It's interesting that even while the categories separated for ever and aye, or at least until the Publishing Apocalypse changed everything, the writers stood up and said, "HEY! We still want to be together!" And the Science Fiction Writers of America became the Science Fiction and Fantasy Writers of America, and fantasy started getting nominated for Nebulas (and wasn't that a tempest in the tiny teapot), though science fiction couldn't (and still can't) be nominated for the World Fantasy Award. But horror can, and is, so there's some cross-fertilization there, too.

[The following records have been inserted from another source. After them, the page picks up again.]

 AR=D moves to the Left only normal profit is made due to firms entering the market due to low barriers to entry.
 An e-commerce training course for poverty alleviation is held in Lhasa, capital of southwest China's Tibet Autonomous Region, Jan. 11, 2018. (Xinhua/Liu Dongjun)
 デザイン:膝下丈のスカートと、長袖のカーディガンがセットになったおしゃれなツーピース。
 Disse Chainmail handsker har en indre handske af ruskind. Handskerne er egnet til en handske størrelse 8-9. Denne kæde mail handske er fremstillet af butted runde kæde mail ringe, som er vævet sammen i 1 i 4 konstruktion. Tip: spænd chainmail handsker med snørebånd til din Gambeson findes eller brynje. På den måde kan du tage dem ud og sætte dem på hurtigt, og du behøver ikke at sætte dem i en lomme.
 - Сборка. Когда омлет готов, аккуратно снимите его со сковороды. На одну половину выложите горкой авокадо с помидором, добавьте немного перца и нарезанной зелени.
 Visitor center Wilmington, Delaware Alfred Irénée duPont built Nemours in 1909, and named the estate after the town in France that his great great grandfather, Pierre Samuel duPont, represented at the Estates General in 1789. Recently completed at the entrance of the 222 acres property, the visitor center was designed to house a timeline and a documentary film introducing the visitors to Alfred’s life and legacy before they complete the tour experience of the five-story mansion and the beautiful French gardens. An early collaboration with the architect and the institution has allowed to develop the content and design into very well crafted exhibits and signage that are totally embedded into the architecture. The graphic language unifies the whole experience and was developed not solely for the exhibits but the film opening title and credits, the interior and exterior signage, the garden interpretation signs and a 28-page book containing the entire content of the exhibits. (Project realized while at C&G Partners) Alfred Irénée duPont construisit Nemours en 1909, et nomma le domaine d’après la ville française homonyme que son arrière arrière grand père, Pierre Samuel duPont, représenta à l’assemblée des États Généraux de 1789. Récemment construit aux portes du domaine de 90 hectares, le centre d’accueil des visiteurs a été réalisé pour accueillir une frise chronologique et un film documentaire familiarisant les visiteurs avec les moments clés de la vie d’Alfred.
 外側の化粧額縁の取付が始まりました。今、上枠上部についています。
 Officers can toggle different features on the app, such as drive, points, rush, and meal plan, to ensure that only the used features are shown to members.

What happened here was that what used to be all one column had become, for marketing purposes, Column A and Column B. Column A: Future, technology (usually high), time travel (if by mechanical means), alien planets, space travel, and so on. Column B: Past or secondary worlds, low tech (or at least lower than the present day, though there's also urban fantasy, which hits most of the other checkboxes), dragons and elves and other mythical beings, time travel or portal travel (if by magical/nontechnological means), magic--and, as a subset thereof, the mind powers known in earlier science fiction as psi, etc., etc.

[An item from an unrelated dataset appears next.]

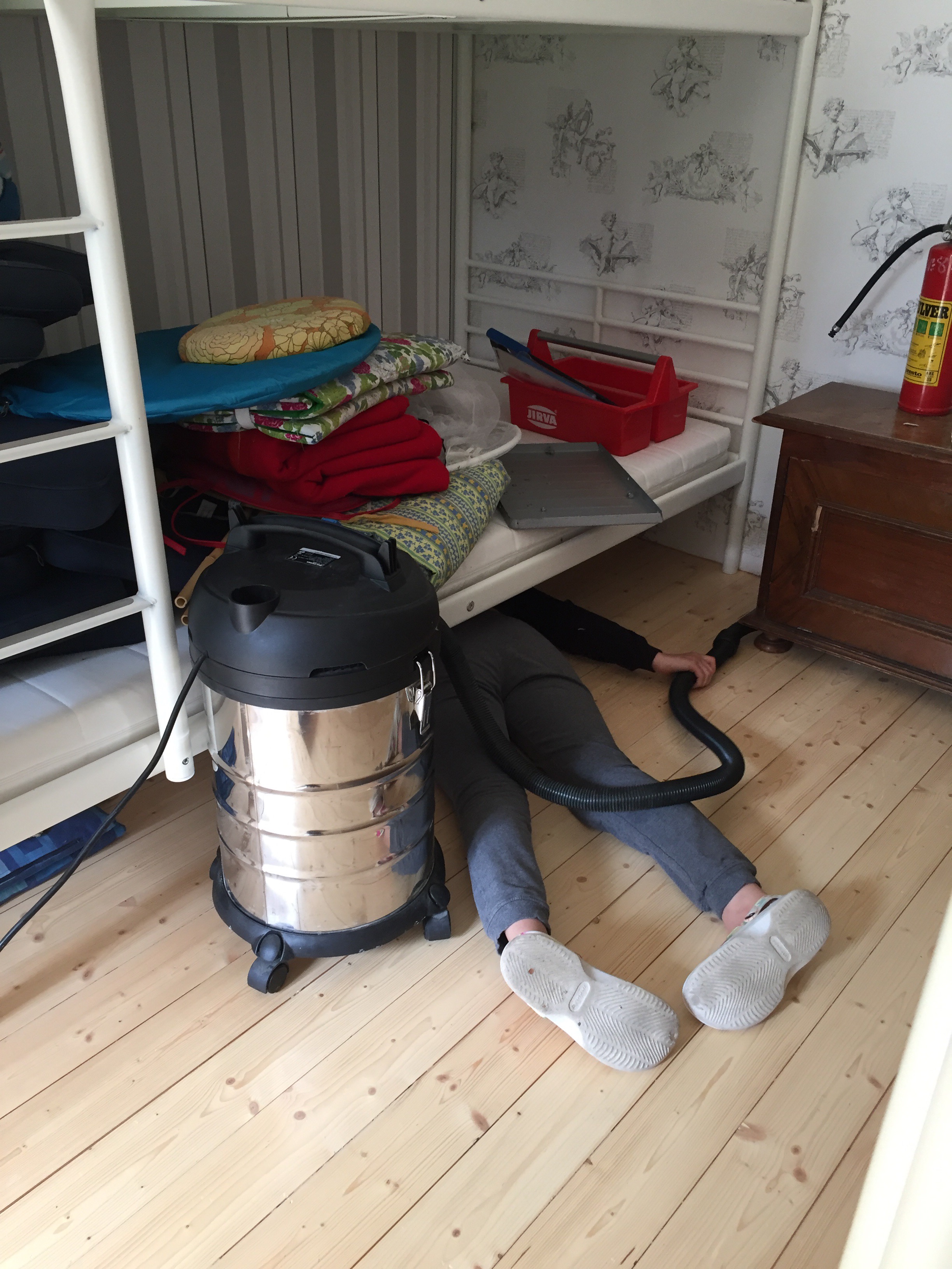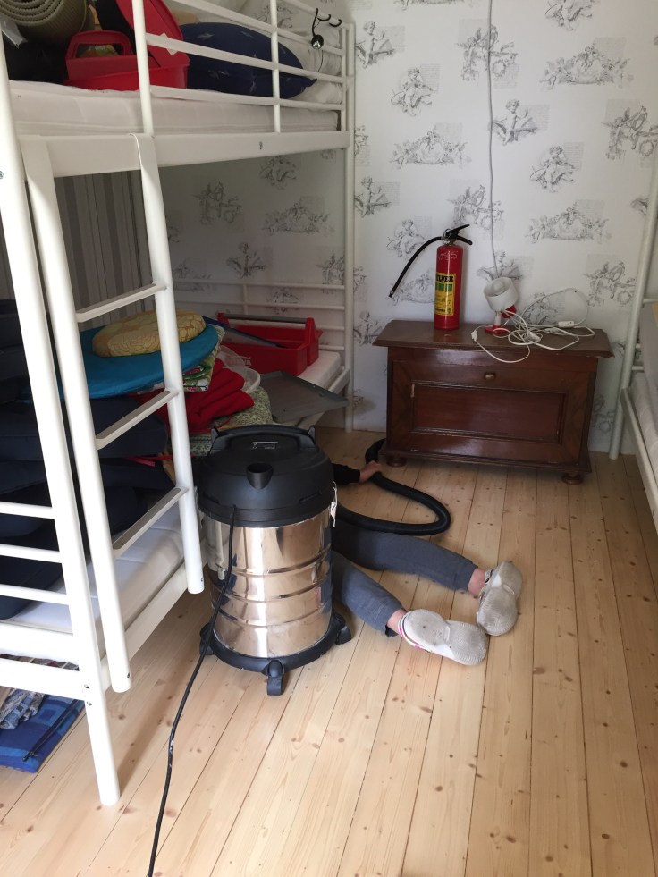 Lina kämpar med dammsugaren medan Tove klippte gräset och plockade blommor.

So Pern's lost Earth colony was labeled fantasy, between the dragons and the psi. Darkover? Um, yeah. Fantasy. Low tech (albeit voluntary) and psi, despite the central theme of conflict between high and low tech in a spacefaring future. (And yet Dune is still science fiction in spite of the psi and the weirdness. Higher ratio of spacefaring culture to low-tech planet? Post-technological vibe? Male author?)
What this did to younger writers was lock in the categories and make it difficult to impossible to sell work that crossed the lines. Female writers were pushed to heighten the romance and emphasize the fantasy elements, and many were actively discouraged from venturing into science fiction. The freewheeling nature of the old, smaller, still evolving field had both hugely expanded in numbers and sales reach, and distinctly contracted in the range of what was allowable in worldbuilding and storytelling. Categories solidified, and to some extent ossified.

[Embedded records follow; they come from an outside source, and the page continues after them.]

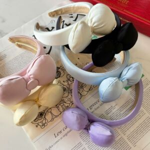 甘い蝶結びのカチューシャの少女の純色の高級感のサテンの顔はかわいい王女の団子の頭の飾りの髪飾りの女性を合わせます。
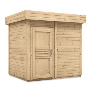 drewno lipowe Grubość całkowita dachu: 84 mm Materiał pokrycia dachu: papa wzmocniona Wyposażenie sauny: 2x ławka, obudowa pieca Oświetlenie: 2x lampa porcelanowa Piec:
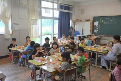 令和6年9月3日(火)、今日から2学期の給食がスタートしました。メニューはドライカレーをドッグパンに挟んで食べるおかずでした。1年生も「おいしい顔」でもぐもぐ食べていましたよ。
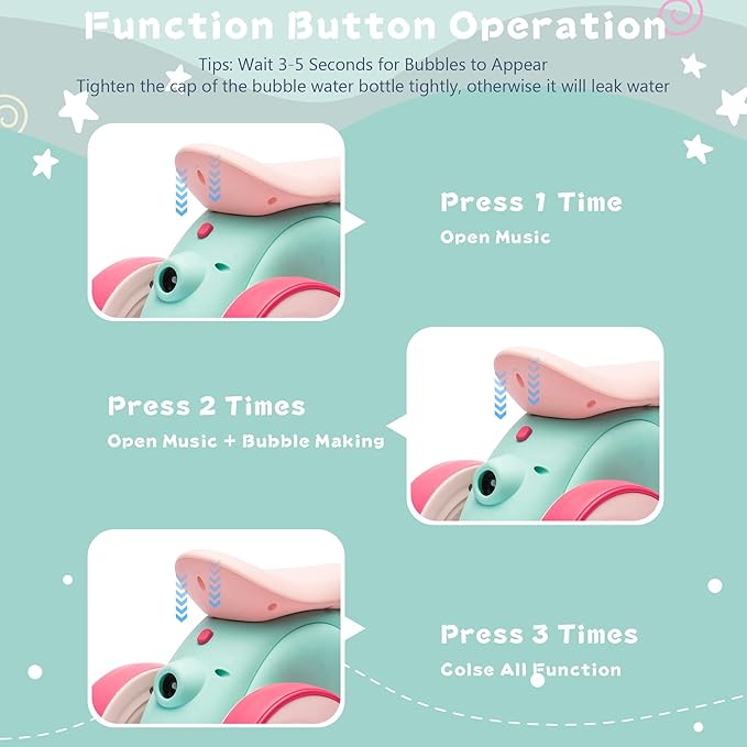- Ensuring Safety First: Our electric baby balance bike with bubble maker ride on toy not only promotes fitness and balance in young children but also encourages babies to utilize their legs, thereby strengthening leg muscles and establishing healthy exercise habits from an early age. It fosters balance, coordination, self-confidence, and independence. Featuring a lower floor-to-seat height, even the smallest tots can enjoy a smooth and secure ride-on experience.
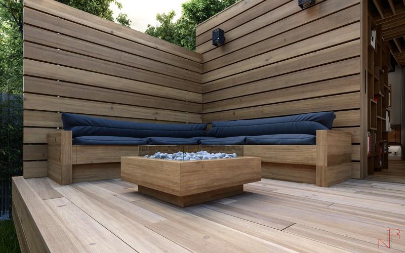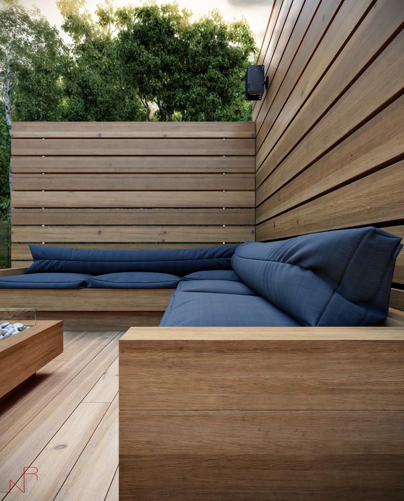 户外的休闲沙发也是原木色的厚重感觉,纹理清晰,与墙面的颜色几乎保持一致,加上蓝色的布艺沙发垫也是非常漂亮大方。
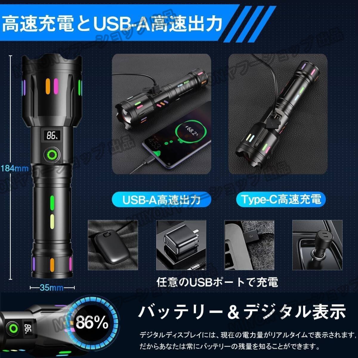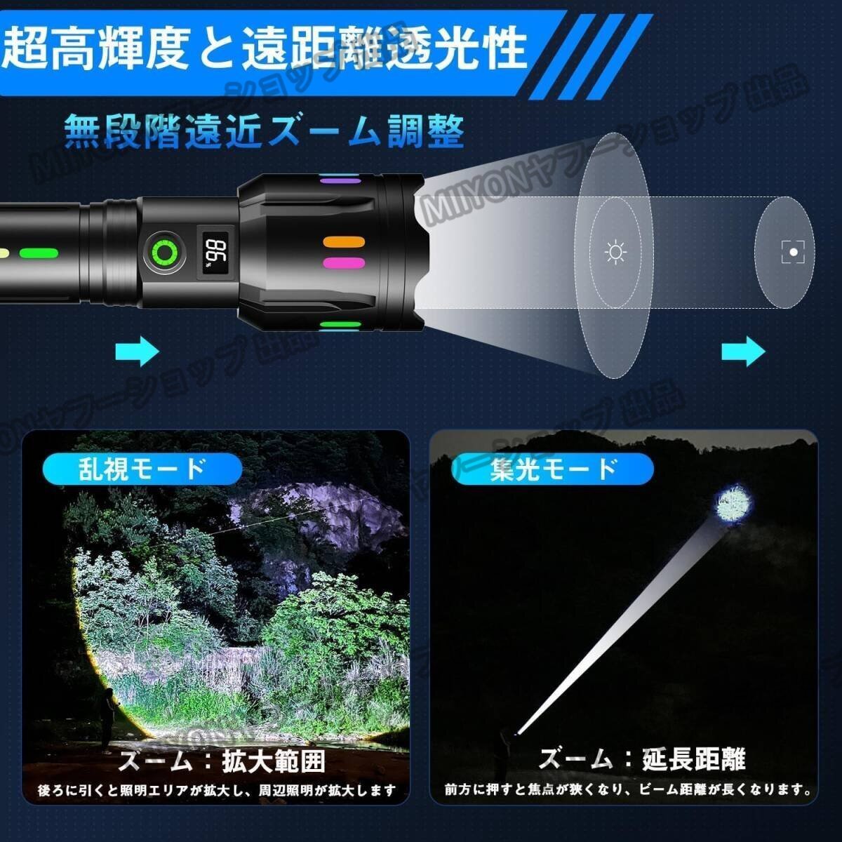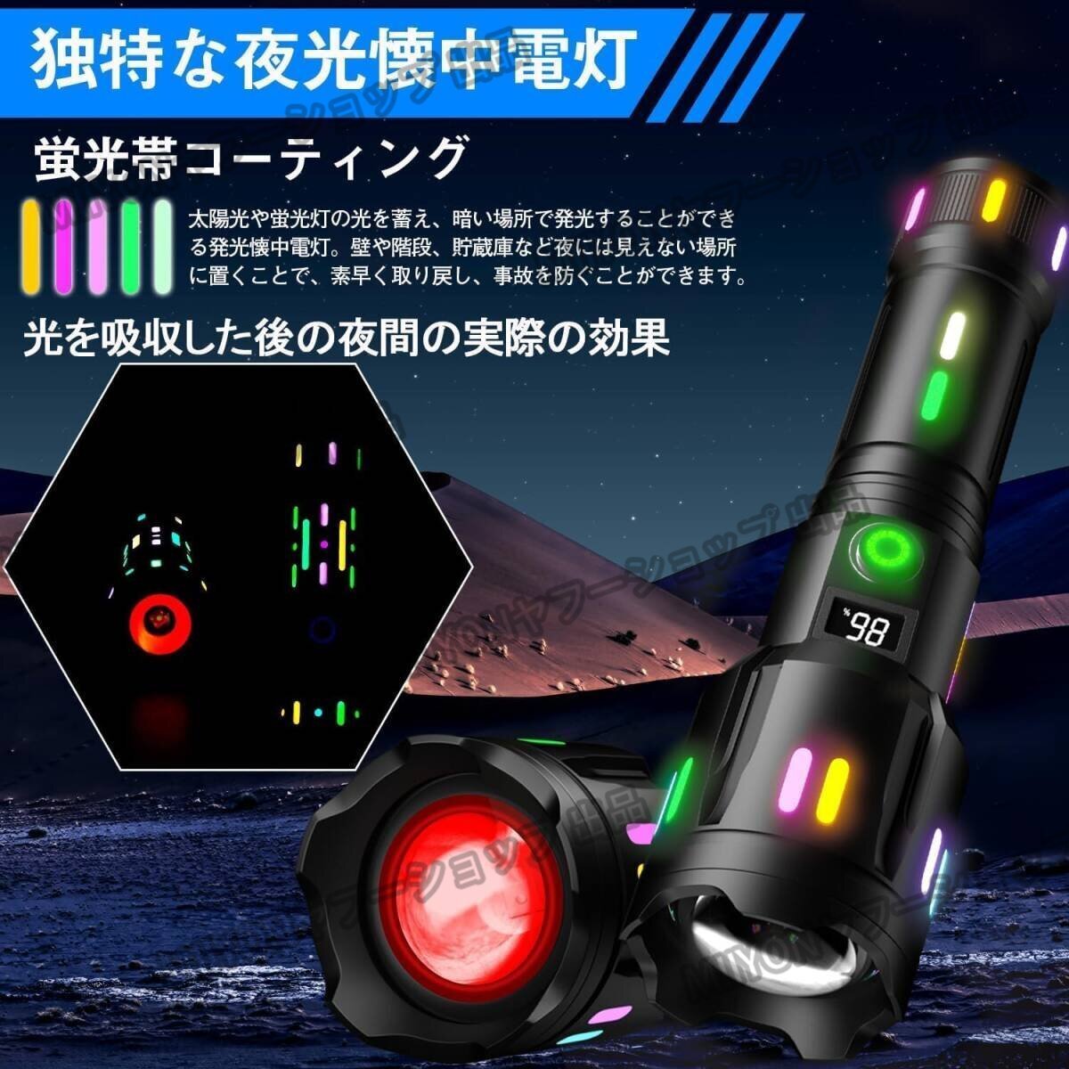 【最新液晶画面デジタル表示】独特な夜光懐中電灯 led 強力 軍用 最強 4000000ルーメン超高輝度 明るい ハンディライト USB充電式 ledライト 超長遠射 超強力 ズーム 手持ちライト 明るいライト 6モード調光 軽量フラッシュライト ハンドライト 作業用ライト 携帯ライト 多種電池が適用 ライト 防水 防災 新型 へっとライト 登山 夜釣り キャンプ 地震 停電対策

I wonder if Steampunk is in some ways a reaction to this. The closer modern technology gets to Clarke's threshold, the more alluring it can be to focus on gears and levers and automata. They're accessible; they don't spin off into quantum bizarrerie. And god forbid, they don't disappear into the Singularity.
Still, there's psi on the fantasy side of the divide, with the "MAGIC" label slapped over it. The author who gets psi in her space adventure (notwithstanding the Force or the Betazoids) may meet with fastidious flinching and "we can't sell this." The categories are firm, and while there's "interstitial" and "intergenre," those are narrowly defined and equally specific. You can have a science-fiction mystery or a cyberpunk space opera, but a trope from fantasy Column B in your science-fiction Column A? Not so much. Especially if it also mixes up the age groups (YA? Adult? Both? Neither?).
The ebook boom and the rise of independent publishing--now well on its way to respectability--has been a serious game-changer for authors who can't or won't color correctly inside the lines. Marketing categories still prevail, but there's much more choice and far fewer restrictions. If even a few readers will read it, pretty much anything goes. Even science fiction with fantasy cooties. Or technology that's crossed the line into magic. Or psi powers. With or without the help of technology.
So maybe psi in science fiction will come back. We're seeing so many different variations on the genre now, and so much exuberance, and a good amount of crossing over and some work that isn't even categorizable (Martha Wells' Raksura, anyone?). Why not a new vogue for mind powers in our science-fictional worlds?